◆ **Task to carry out**:
Reproduce the full listing below exactly. Do not include the pictures.

╭─ Given data

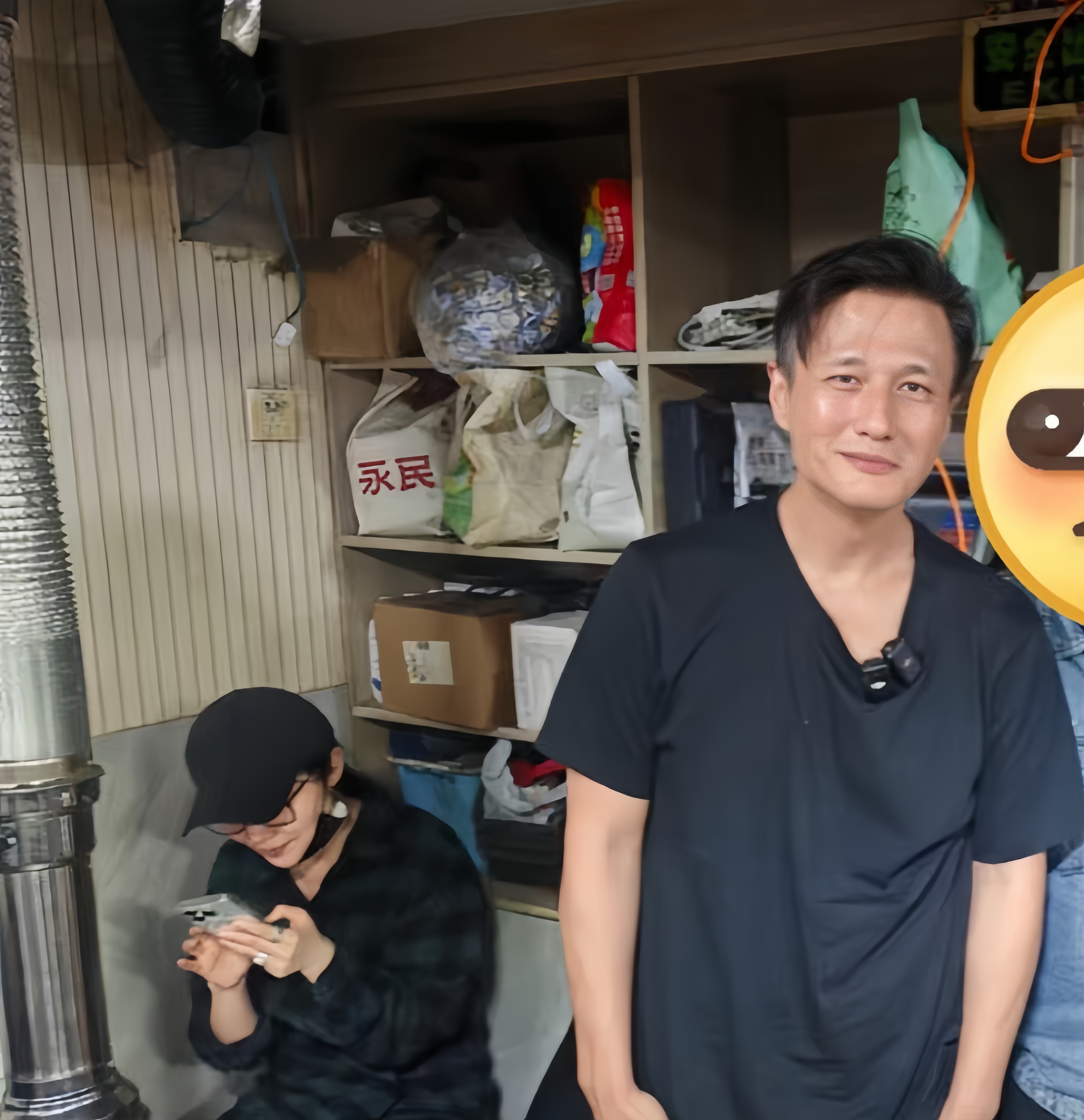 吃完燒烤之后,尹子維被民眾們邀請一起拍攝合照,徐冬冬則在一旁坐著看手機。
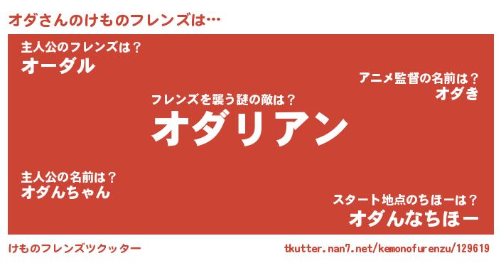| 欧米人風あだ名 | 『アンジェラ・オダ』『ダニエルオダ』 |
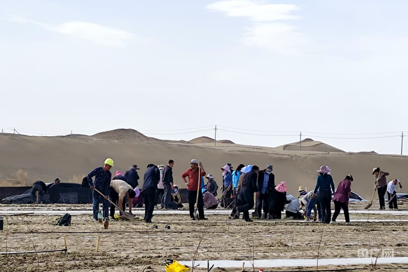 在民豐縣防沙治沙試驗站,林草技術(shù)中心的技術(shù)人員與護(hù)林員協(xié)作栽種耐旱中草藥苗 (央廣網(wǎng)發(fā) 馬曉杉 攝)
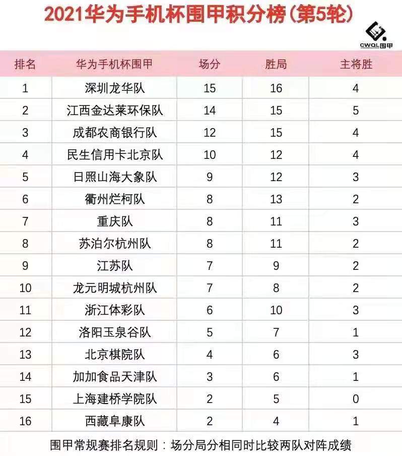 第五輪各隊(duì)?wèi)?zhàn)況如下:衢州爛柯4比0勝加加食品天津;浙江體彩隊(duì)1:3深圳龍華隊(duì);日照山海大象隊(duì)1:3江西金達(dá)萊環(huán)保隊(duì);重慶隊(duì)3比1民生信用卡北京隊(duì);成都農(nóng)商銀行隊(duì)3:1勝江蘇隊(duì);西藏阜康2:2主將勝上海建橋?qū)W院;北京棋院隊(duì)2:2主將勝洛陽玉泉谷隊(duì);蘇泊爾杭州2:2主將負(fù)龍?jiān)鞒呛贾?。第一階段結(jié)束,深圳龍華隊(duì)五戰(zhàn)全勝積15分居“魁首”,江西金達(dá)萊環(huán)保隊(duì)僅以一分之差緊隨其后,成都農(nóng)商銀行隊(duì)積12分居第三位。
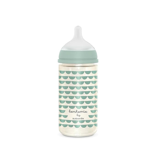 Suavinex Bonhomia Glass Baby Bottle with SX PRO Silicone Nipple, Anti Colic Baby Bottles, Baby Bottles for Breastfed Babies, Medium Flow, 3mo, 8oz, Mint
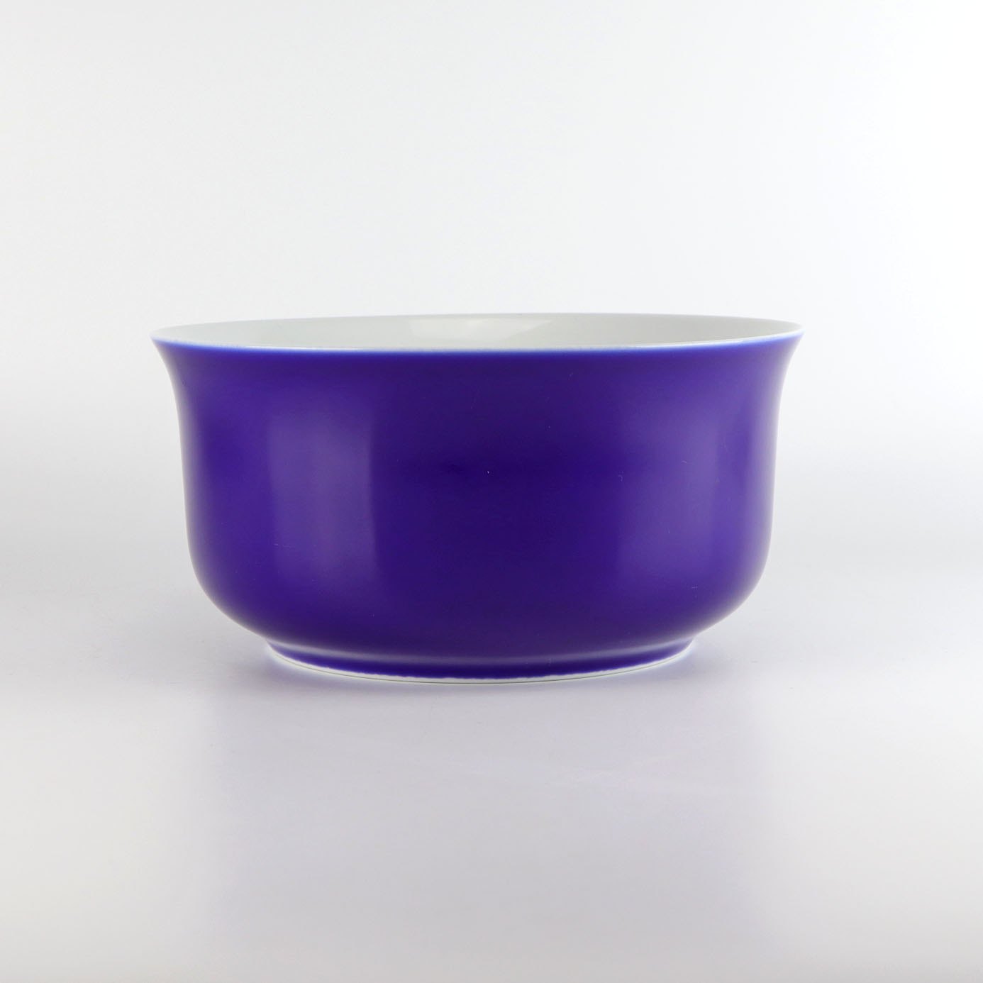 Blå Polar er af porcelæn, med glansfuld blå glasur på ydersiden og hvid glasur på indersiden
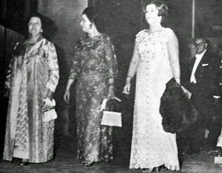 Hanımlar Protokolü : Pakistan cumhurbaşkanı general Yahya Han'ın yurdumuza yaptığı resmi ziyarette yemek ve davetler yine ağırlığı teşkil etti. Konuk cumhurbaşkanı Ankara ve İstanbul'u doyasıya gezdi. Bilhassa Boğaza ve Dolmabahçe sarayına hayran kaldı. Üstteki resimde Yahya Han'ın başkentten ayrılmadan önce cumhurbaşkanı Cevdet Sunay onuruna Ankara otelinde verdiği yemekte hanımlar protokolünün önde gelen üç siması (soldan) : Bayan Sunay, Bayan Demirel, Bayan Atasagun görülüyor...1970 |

╰─

◆ **Exercise output**:
 吃完燒烤之后,尹子維被民眾們邀請一起拍攝合照,徐冬冬則在一旁坐著看手機。
| 欧米人風あだ名 | 『アンジェラ・オダ』『ダニエルオダ』 |
 在民豐縣防沙治沙試驗站,林草技術(shù)中心的技術(shù)人員與護(hù)林員協(xié)作栽種耐旱中草藥苗 (央廣網(wǎng)發(fā) 馬曉杉 攝)
 第五輪各隊(duì)?wèi)?zhàn)況如下:衢州爛柯4比0勝加加食品天津;浙江體彩隊(duì)1:3深圳龍華隊(duì);日照山海大象隊(duì)1:3江西金達(dá)萊環(huán)保隊(duì);重慶隊(duì)3比1民生信用卡北京隊(duì);成都農(nóng)商銀行隊(duì)3:1勝江蘇隊(duì);西藏阜康2:2主將勝上海建橋?qū)W院;北京棋院隊(duì)2:2主將勝洛陽玉泉谷隊(duì);蘇泊爾杭州2:2主將負(fù)龍?jiān)鞒呛贾?。第一階段結(jié)束,深圳龍華隊(duì)五戰(zhàn)全勝積15分居“魁首”,江西金達(dá)萊環(huán)保隊(duì)僅以一分之差緊隨其后,成都農(nóng)商銀行隊(duì)積12分居第三位。
 Suavinex Bonhomia Glass Baby Bottle with SX PRO Silicone Nipple, Anti Colic Baby Bottles, Baby Bottles for Breastfed Babies, Medium Flow, 3mo, 8oz, Mint
 Blå Polar er af porcelæn, med glansfuld blå glasur på ydersiden og hvid glasur på indersiden
 Hanımlar Protokolü : Pakistan cumhurbaşkanı general Yahya Han'ın yurdumuza yaptığı resmi ziyarette yemek ve davetler yine ağırlığı teşkil etti. Konuk cumhurbaşkanı Ankara ve İstanbul'u doyasıya gezdi. Bilhassa Boğaza ve Dolmabahçe sarayına hayran kaldı. Üstteki resimde Yahya Han'ın başkentten ayrılmadan önce cumhurbaşkanı Cevdet Sunay onuruna Ankara otelinde verdiği yemekte hanımlar protokolünün önde gelen üç siması (soldan) : Bayan Sunay, Bayan Demirel, Bayan Atasagun görülüyor...1970 |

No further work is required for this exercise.